In der vergangenen Woche habe sie täglich von morgens bis abends die Texte gelernt, berichtet Schmitz. Die Aktionen habe sie sich anhand von Videos angeeignet. Und immerhin habe sie bei der Premiere in Altona selbst im Publikum gesessen. „Ich musste mir aber auch einprägen, wie viel Zeit ich habe, um mich zwischen den Rollenwechseln umzuziehen“, beschreibt die Schauspielerin, die ab und zu auch im Fernsehen zu sehen ist, Texte einspricht oder literarischem Stoff bei Lesungen Stimme verleiht.

Anfang der vergangenen Woche begannen die Proben auf der Harburger Bühne, von ihren Kollegen gab es jede Menge Input. „Ich wurde sehr gut aufgenommen“, sagt Schmitz. Zum Spielbetrieb gehören mittlerweile regelmäßige Corona-Tests und hinter der Bühne wird noch immer Maske getragen. Auf der Bühne sei man mittlerweile fast wieder zur Normalität übergangen. „Das ist eine große Erleichterung, auch wenn wir alle gebrieft sind, dass noch immer Vorsicht geboten ist“, berichtet die erfolgreiche Schauspielerin.

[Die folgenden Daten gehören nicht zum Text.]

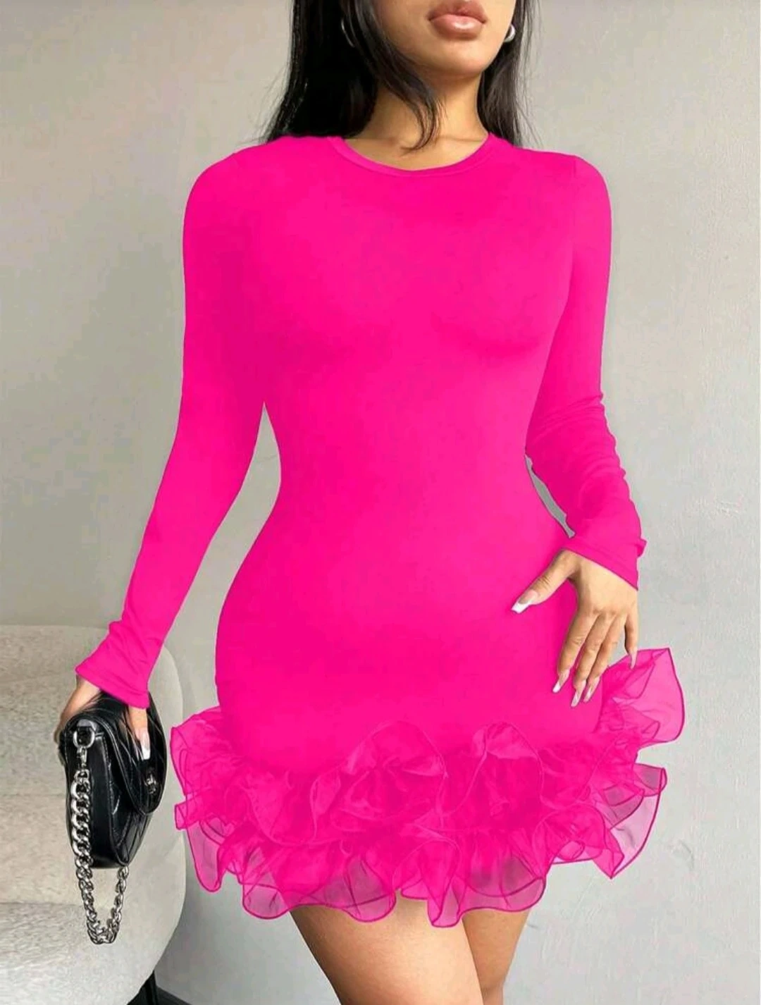 This hot pink mini dress features long sleeves and a flattering fitted silhouette. It's designed with a playful ruffle hem for added flair. Crafted from a comfortable, stretchy material.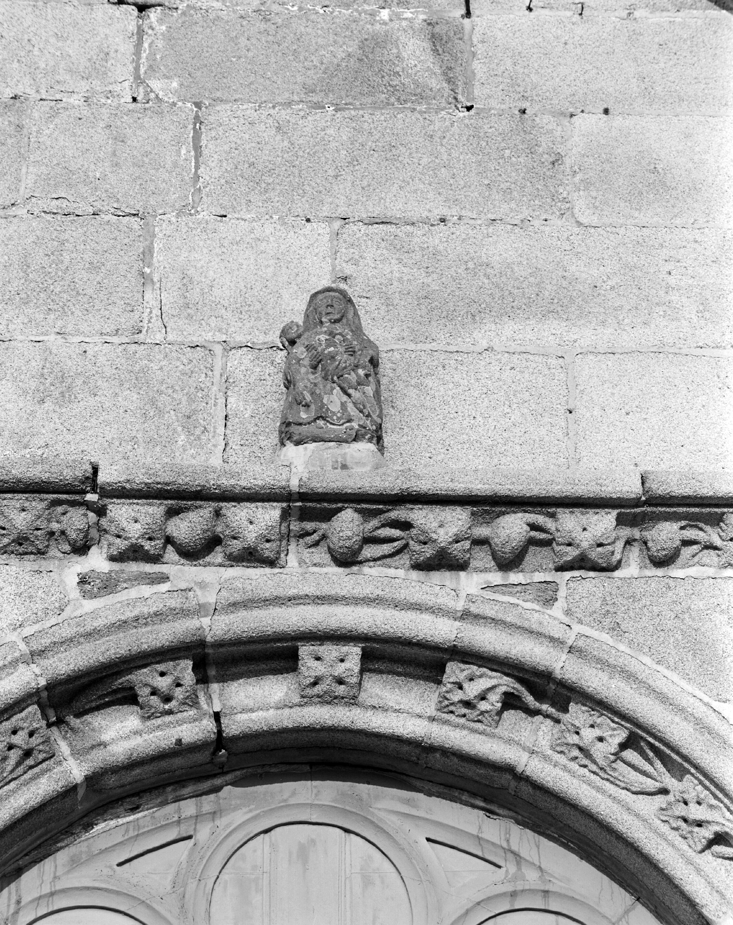 Minihy-Tréguier, rue de l'Église : église Saint-Yves, élévation ouest, détail du porche, photographie de 1974. Une Vierge de Pitié ou Pietà surmonte la porteImmatriculation

Montag spielt Schmitz in „Soko Hamburg“

Die Corona-Zeit habe sie dank des Gefühls, gemeinsam mit anderen in einem Boot zu sitzen, überstanden, sagt Schmitz. Zwischenzeitlich sei ihr alles an Jobs – wie den meisten Freiberuflern in der Kreativbranche – weggebrochen. Corona-Hilfen und Kurzarbeitergeld im Rahmen einer geplanten TV-Produktion halfen: „Ich bin sehr dankbar dafür, dass es diese Möglichkeiten in Deutschland gibt“, sagt Schmitz.

Etwas Positives habe sich aber auch entwickelt: In digitalen Netzwerken finde wesentlich mehr Branchenaustausch statt, überhaupt gäbe es mehr Netzwerke. „Jetzt kriege ich mehr mit“, sagt Schmitz, die zuletzt in Altona und auch in Bergedorf in „Loriots Dramatische Werke“ zu sehen war. Am 12. April feiert das Stück auch in Harburg Premiere. Am heutigen Montag spielt Schmitz außerdem in „Soko Hamburg“, ausgestrahlt im ZDF, mit.

Bei „Ein Kapitel für sich“ fasziniert Schmitz insbesondere die Geschichte der Mutter, der so viel Unrecht widerfährt und die dennoch mit ihrem letzten Hemd die Söhne unterstützt: „Die Unfassbarkeit des Unrechts, das hier passiert, ist sehr berührend.“ Menschen würden einfach so zum Spielball werden, führt Schmitz aus.

Trotz der schwerwiegenden Thematik verfliegt der Theaterabend wie im Nu. Lebhaft durch die intensive Darstellung der Schauspieler, vermittelt es ein Gefühl für die Zeit im Nachkriegsdeutschland. Eindrucksvoll werden Ungerechtigkeiten dargestellt. Rund 80 Jahre nach den Ereignissen, auf denen es beruht, trägt das Theaterstück weiter, wozu Zeitzeugen wohl bald nicht mehr imstande sind.

Und gerade im Hinblick auf den aktuell wieder aufkeimenden Konflikt zwischen Ost und West, erhält das Stück eine neue Relevanz.